The last chapter chapter 4 discusses several applications of hopf algebras, some of which are further developed in the authors 2011 publication, an introduction to hopf algebras. Montgomery, susan 1993, hopf algebras and their actions on rings, regional conference series in mathematics, 82, providence, rhode island. Montgomery, hopf algebras and their actions on rings. I thank the participants of the course for making it a very enjoyable experience. A survey 369 in the case of an haction on a, we say a subspace v a is hstable if h v v. A general theory of hopf algebras began in the late 1960s swe. Hopf algebra is nice object full of structure a bialgebra with an antipode.

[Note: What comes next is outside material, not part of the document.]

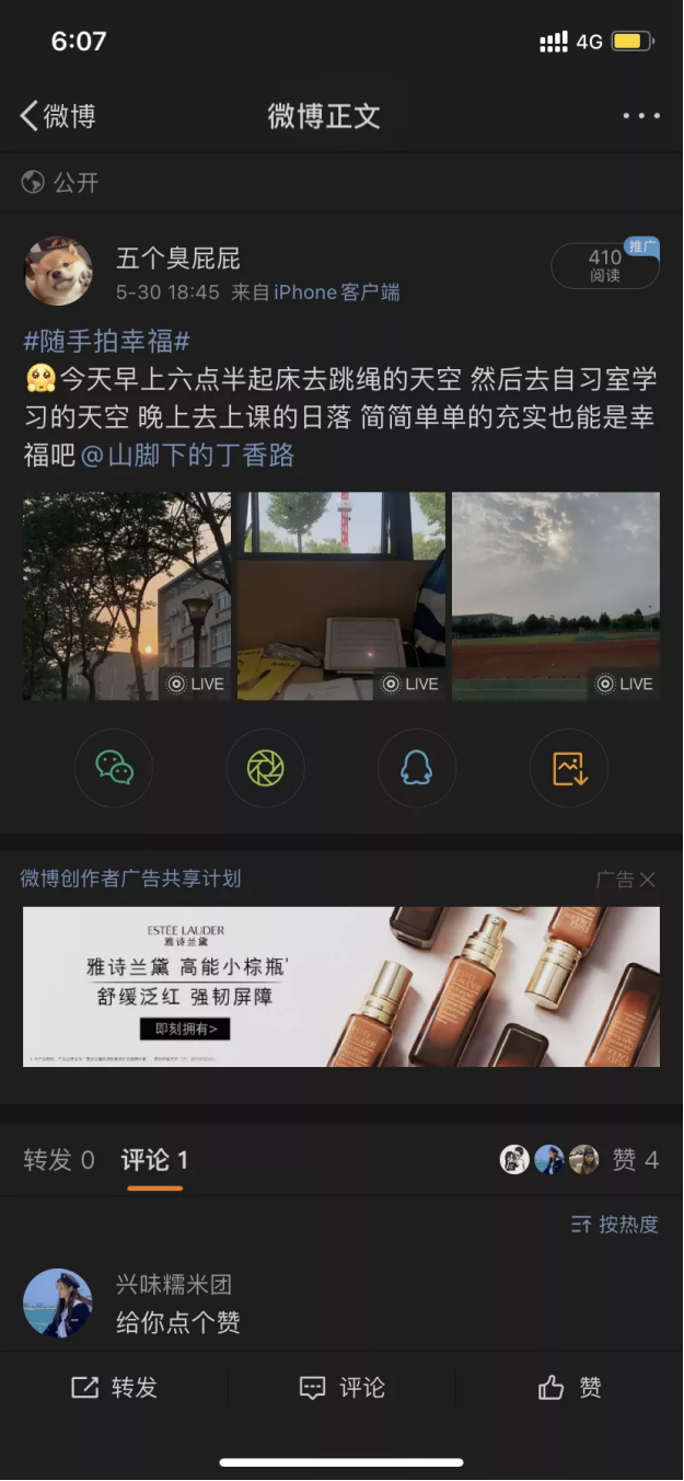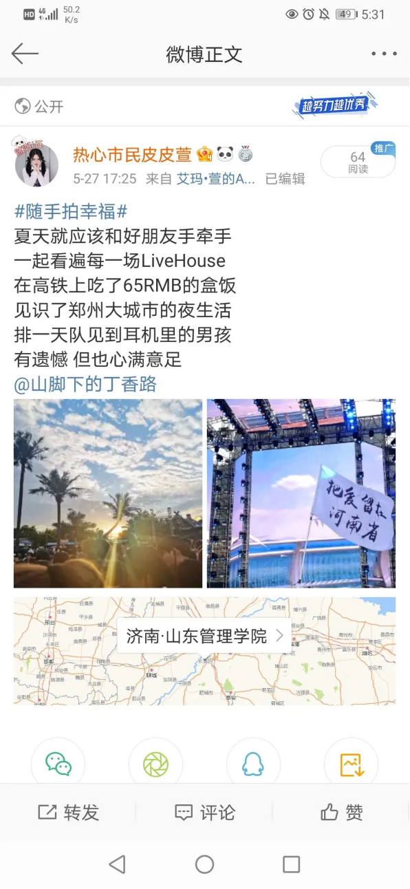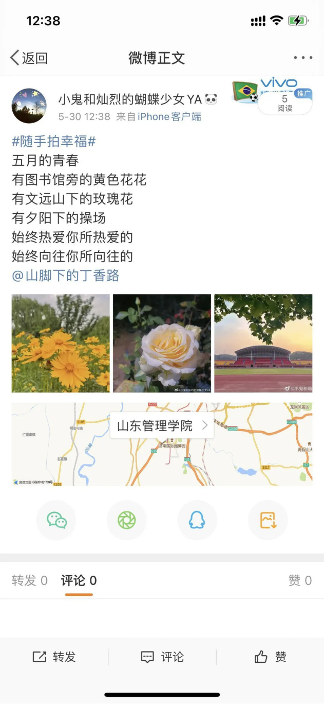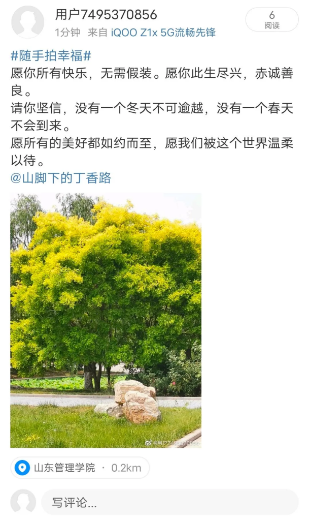 该活动让同学们通过“文字+图片+微博分享”的方式,记录身边的小确幸,不仅给同学们一个展示自我的平台,加强同学们之间的交流,相互分享幸福感、传递温暖与力量,而且有利于帮助同学们缓解压力、治愈心灵,增强积极心理体验,唤起幸福感。

In mathematics, a hopf algebra, named after heinz hopf, is a structure that is simultaneously an unital associative algebra and a counital coassociative coalgebra, with these structures compatibility making it a bialgebra, and that moreover is equipped with an antiautomorphism satisfying a certain property. In this paper, we examine the relationship between the jacobson radicals of rings r and their invariants rh under the actions of finite dimensional hopf algebras h. In the general case, we show that these kernels coincide with the categorical left and right hopf kernels of morphisms of hopf algebras defined in andruskiewitsch and devoto extensions of hopf algebras, algebra i analiz 7 1995, 2269. Then a is called an halgebra whenever h acts on products in a via the. To get some idea what it looks like, group itself is a hopf algebra, considered over a field with one element. If a is generated as an algebra by a set b, to prove that a is a bialgebra we only need to check the diagrams in 1. We begin with an introduction to the general study of hopf algebras and their basic properties, then explain why they are a natural choice to generalize the action of finite. If the action is semisimple, a schurweyl type decomposition is obtained. This text aims to provide graduate students with a selfcontained introduction to topics that are at the forefront of modern algebra, namely, coalgebras, bialgebras and hopf algebras. The nondegeneracy of this matrix allows one to define an action of the. Hopf algebras and their actions on rings, cmbs reg. The present article explores the more general situation where a hopf algebra h acts on a. Hopf algebras and their actions on rings extended selected. Hopf algebras and their actions on rings ams bookstore.